Bölüm15
Kaldırımın üstünde bir adım daha atarken Sarrafoğlu ailesinin evine biraz daha yaklaşıyordum. Bir yandan da yanımda yürüyen Lâl'in sözlerini hafızama kazıyordum.
"Tuna'nın sana en son sunduğu teklifi kabul etmen en iyisi olur. Geri döndüğümden haberinin olmasına gerek yok. Bu fırsatı değerlendirelim. "
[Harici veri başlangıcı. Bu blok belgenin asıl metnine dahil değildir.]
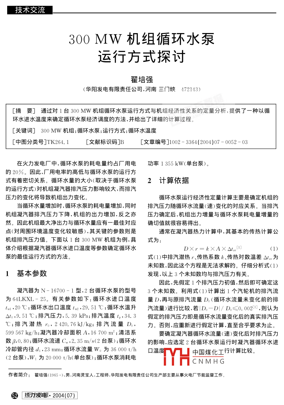 300MW機(jī)組循環(huán)水泵運(yùn)行方式探討
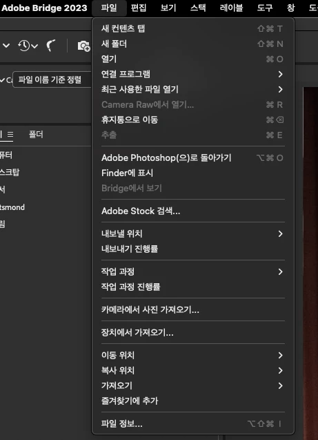 Camera Raw 환경 설정을 삭제 후 브릿지를 종료 후 재실행 해서 확인해 주세요.

Lâl omuz silktiğinde diğer yanımda duran Yekta alayla güldü. Neyse ki Lâl onun alaycı gülümsemesini fark etmemiş, sözlerini sıralamaya devam etmişti.
"Bir sorun olduğunda telefon et, hemen gelirim. Arada bir konuşuruz ve durumu değerlendiririz. " Duraksayıp omuzlarımı tuttuğunda ani hareketiyle elimdeki poşet dizime çarptı. "İstediğini yapabilirsin, Şafak. Adımı istediğin gibi kullanabilir ve beni dilediğin gibi rezil edebilirsin. O lanet olası soyadımdan nefret ediyorum zaten. "
"Siz zenginler bir tuhafsınız. " diye homurdandı arkamdaki Yekta. Yeşil gözleri ikimizin arasında gidip geldiğinde kaşlarını çattı ve yürümeye devam etti. Onun önden ilerlemesini fırsat bilen Lâl ise bana biraz daha yanaşarak ses tonunu düşürdü.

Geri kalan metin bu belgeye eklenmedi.